The Severance Payment Agreements also provide that, for a period of six months after the date on which severance benefits are paid, each Employee agrees not to work for, advise, consult or otherwise serve with, directly or indirectly, any entity whose business materially competes, within Tuscarawas County, with the depository, lending or other activities of CSB.
The Severance Payment Agreements will supersede the existing Employment Agreements between the Employees and Indian Village and Indian Village Bank, which Employment Agreements will terminate as of the Effective Date and have no further force or effect.
The description of the Severance Payment Agreements set forth above does not purport to be complete and is qualified in its entirety by reference to the full text of the Severance Payment Agreements, which are filed with this Current Report on Form 8-K as Exhibits 10.1 through 10.4.
Additional Information
CSB will file with the Securities and Exchange Commission (the “SEC”) a Registration Statement on Form S-4 concerning the merger transaction. The Registration Statement will include a combined prospectus for the offer and sale of CSB Common Shares to Indian Village shareholders as well as a proxy statement of Indian Village for the solicitation of proxies from its shareholders for use at the meeting at which the merger transaction will be voted upon. The combined prospectus and proxy statement and other documents filed by CSB with the SEC will contain important information about CSB, Indian Village, and the merger transaction. We urge investors and Indian Village shareholders to read carefully the combined prospectus and proxy statement and other documents filed with the SEC, including any amendments or supplements also filed with the SEC. Indian Village shareholders in particular should read the combined prospectus and proxy statement carefully before making a decision concerning the merger transaction. Investors and shareholders will be able to obtain a free copy of the combined prospectus and proxy statement – along with other filings containing information about CSB – at the SEC’s website at http://www.sec.gov. Copies of the combined prospectus and proxy statement, and the filings with the SEC incorporated by reference in the combined prospectus and proxy statement, can also be obtained free of charge by directing a request to CSB Bancorp, Inc., 91 North Clay Street, P.O. Box 232, Millersburg, Ohio 44654, Attention: Ms. Paula Meiler, Chief Financial Officer, telephone (330) 674-9015.
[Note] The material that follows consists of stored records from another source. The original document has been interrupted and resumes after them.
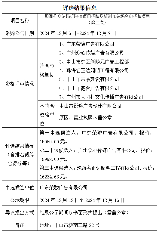 中山市公共交通运输集团有限公司坦洲公交站场拆除楼顶旧招牌及新制作站场名称招牌项目(第二次)评选结果公示
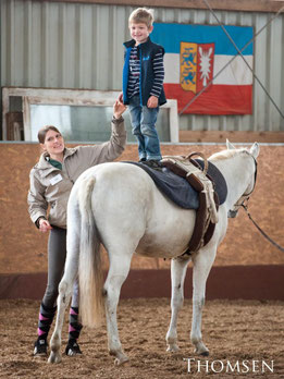 Voltigieren, Pferdefußball und weitere Reitspiele gewünscht. Nach der halben Zeit wird gewechselt, so dass alle in den gleichen Genuss kommen. Lisa voltigiert zuerst auf Spikey, ein braves großes
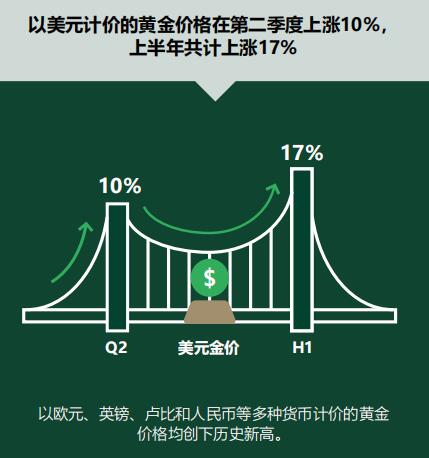 创纪录的流入量也令金价得到了提振:美元金价上半年上涨了17%,而多数以其他货币计价的黄金价格也升至历史新高。
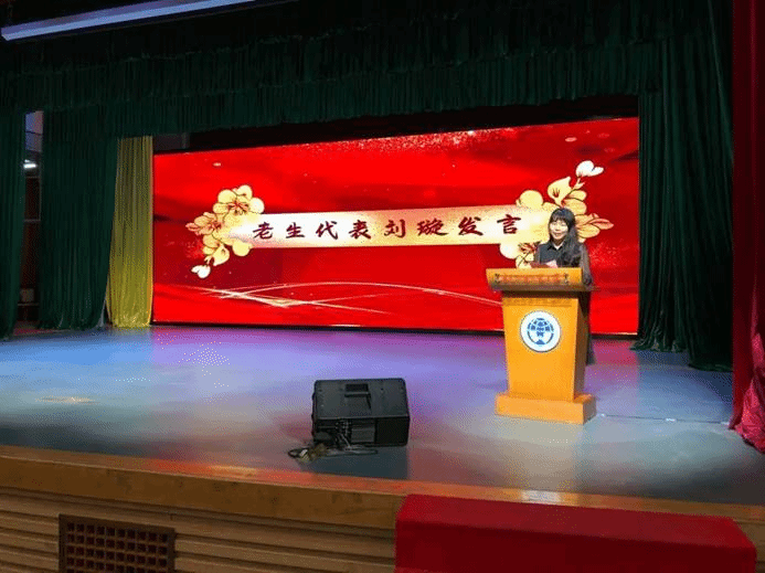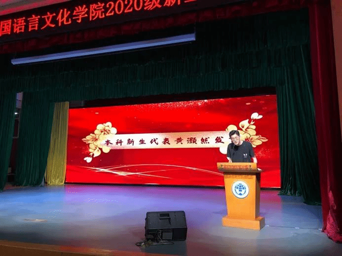 研究生新生卫冰和本科新生黄灏然紧接着上台发言。两人不约而同地分享了自己的喜悦与激动,表达对未来的无限憧憬与期许,并为台下的同学送上最真挚的祝福。
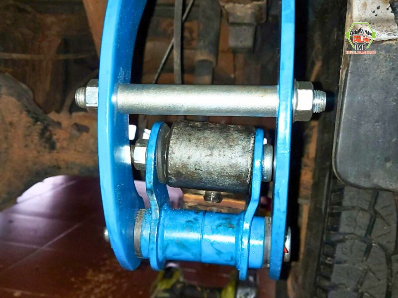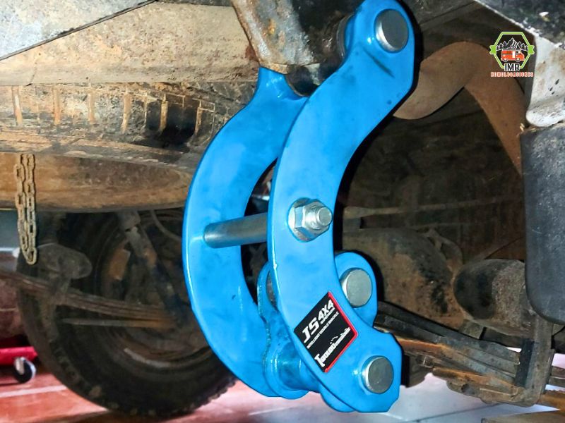 El conjunto incluye body lift delantero de 2,5” sobre el conjunto muelle/amortiguador y body lift trasero de 2” fijado a ballestas y carrocería en sus anclajes originales.
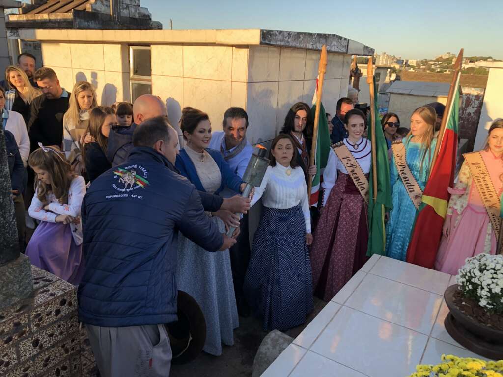 Neste sábado, 10 de setembro, foi realizado no Cemitério de Espumoso a tradicional cerimônia do acendimento da chama crioula. Neste dia em especial, uma homenagem durante o ato foi realizada em frente ao túmulo do tradicionalista espumosense Aule Tramontini do Amarante, que foi um dos percursores do tradicionalismo gaúcho no município. Nascido no dia 10 de novembro de 1936 na localidade do Passo Espumoso, na época distrito de Soledade, Aule Amarante foi uma voz ativa na comunidade sempre presando pelos costumes gaúchos, sendo pai, amigo, companheiro e desenvolvendo vários trabalhos em prol da comunidade.
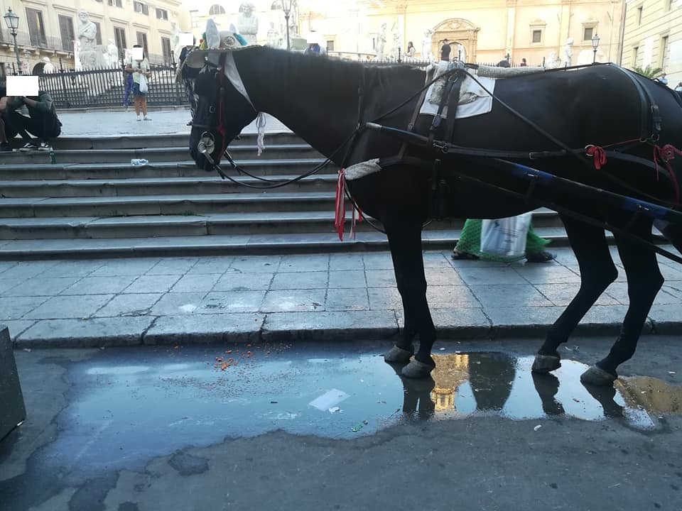 Ape Calessini, venditori ambulanti (che spostano i pochi arredi urbani presenti per parcheggiare) e soprattutto carrozze a cavallo che stazionano in questo lembo di strada trasformandolo letteralmente in una stalla. Eppure nessuno sembra rispettare gli spazi assegnati, nessuno che osa richiamarli. I cavalli ovviamente liberi di urinare, ma basta una secchiata d’acqua (?).
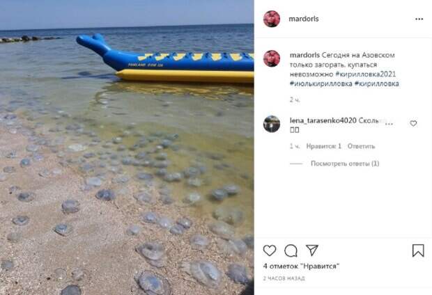 На популярных украинских курортах таких как, Кирилловка и Лазурное фиксируется настоящее нашестие медуз, из-за которого отдых становится просто невозможным Люди приехавшие на море даже не могут толком искупаться из-а сильного жжения. На кадрах видно, что пляжи Кирилловки и Лазурного усеяны мертвыми медузами.

This communication shall not constitute an offer to sell or the solicitation of an offer to buy any securities nor shall there be any sale of securities in any jurisdiction in which the offer, solicitation, or sale is unlawful before registration or qualification of the securities under the securities laws of the jurisdiction. No offer of securities shall be made except by means of a prospectus satisfying the requirements of Section 10 of the Securities Act of 1933, as amended.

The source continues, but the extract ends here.